Split-Level I/O Scheduling

Posted on March 4, 2016

For my CS854 class I have to read a trio of research papers each week, and post summaries, which are then updated after the class that a student gives a presentation on it. Don't rely on my summaries for anything, but it might interest some of you, so I'm posting it here.

Just read the paper.

This paper introduces the idea of split-level I/O scheduling. This tries to gather the most useful information possible, and use it to build a better I/O scheduler. It splits the scheduling logic across handlers at three layers of the storage stack: block, system call, and page cache.

There are a number of different policies that we could be trying to implement:

Fairness
Performance
Isolation

These are all different goals, and require different things from a scheduler.

Lets take a look at the IO stack. It looks something like this: Which I took from thomas-krenn.com, created by Werner Fischer.

The major parts are

System Call Interface
Virtual File System
Page Cache
Block Layer IO
Device Drivers

Let us first consider what classic schedulers are like. There has been a lot of classic work, for example consideration of how the disk head moves on a hard drive, and re-arranging blocks to be written to minimize seek time.

There are two downsides to working at just the block level. The file system mandates that some requests are not re-ordered because they are critical to preserve consistency in case of a crash. This means that by the time the requests are hit the scheduler, it's too late for the scheduler to have a say. The second is that the scheduler has no information about what process is making a request, so it cannot do proper accounting.

One way to fix those two problems is the place the scheduler above the file system, at the system call level. This will fix those two problems, but runs into other ones. In particular, the system-call level scheduler will not know about the page cache, nor other information that would help when trying to schedule tasks most efficiently.

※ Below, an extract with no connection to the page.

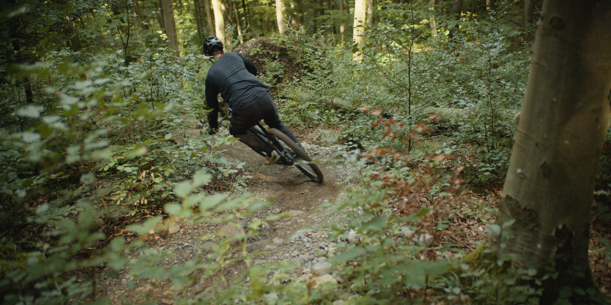 Einen entscheidenden Vorteil, den Full-Powered E-Bikes wie das Stereo Hybrid mit sich bringen, ist die sehr hohe Fahrstabilität der Bikes durch das hohe Eigengewicht und den niedrig gelegenen Schwerpunkt durch die Drive Unit und den Akku. Besonders das begünstigte Verhältnis von gefederter und ungefederter Masse sorgt außerdem für weniger Feedback, das an den Fahrer oder die Fahrerin weitergeben wird. Zwangsläufig führt das hohe Gesamtgewicht von Full-Powered E-Bikes aber auch dazu, dass Bremspunkte auf Abfahrten früher angepeilt werden müssen. Auch in steilem Gelände ist das Gewicht spürbar und muss stärker kontrolliert werden. Aktive Fahrmanöver, wie Bunny-Hops oder Manuals gehen zwar etwas schwerer von der Hand, sind aber trotzdem noch möglich.

Also, the file system will issue metadata requests and journaling writes, so one I/O request can multiply after the system call level, making it hard to accurately estimate costs.

So, why not both?

The idea is to implement handlers at the system call, page-cache, and block layers, so we can get the benefits of both kinds of handlers. One downside would be the added complexity, as well as some small overhead.

The system call level handlers can tag the I/O operation with the process that will be billed for it, while we still have a block level scheduler that can use that information to properly handle priority levels.

This is called Cause Mapping, and it lets us implement fairness properly. Without it, we can get things like this:

Figure 3: CFQ Throughput. The left plot shows sequential write throughput for different priorities. The right plot the portion of requests for each priority seen by CFQ. Unfortunately, the “Completely Fair Scheduler” is not even slightly fair for sequential writes.

where the priority of the task doesn't matter, as all the IO comes from a writeback thread.

Writes aren't always written to disk immediately, often the changes stay in the page cache for a while. (This makes a lot of sense for things like mmap'd pages, where you are changes bytes at a time. I'm not entirely sure about when you're just appending to a file over and over again if the IO is buffered in the same way.)

The OS just tracks which pages are "dirty", in that they don't match what's on disk, and periodically has a background thread write the dirty pages to disk.

What's happening in that example with the CFQ is that all the dirty pages are being actually written to disk by this background thread, and the block level scheduler only sees a bunch of writes by the same thread. That leads to the failure of fairness.

The Cause Mapping introduced at the system call level scheduler can be used to solve this problem, making the split-level schedulers better in this respect.

Another problem solved is that of cost estimation, since the system call level scheduler has no idea if the reads/writes are going to just be absorbed by the page cache, or have to go all the way to disk, so it's hard to be completely fair. Also, write amplification (the transaction overhead, for example) also obscures how expensive each operation will be too.

But by the time the requests make it to the block level scheduler, it's much easier to predict the cost of the operations. (Of course, it'd be even easier to judge from the hard disk controller directly, but that's a bit too late to be useful, since the operation would have already been scheduled at that point.) At the block level, a scheduler is less likely to overestimate the cost (due to a cache hit), nor underestimate the cost (journaling), and is much more accurate.

Unfortunately, the block level scheduler could be too late to affect anything (i.e. preform reordering), as writes can be buffered for 30 seconds before being flushed and thus exposed to the block level scheduler, at which point there isn't much it can do about it.

This system starts off with a guess at the systemcall layer, and refines it as more information becomes available.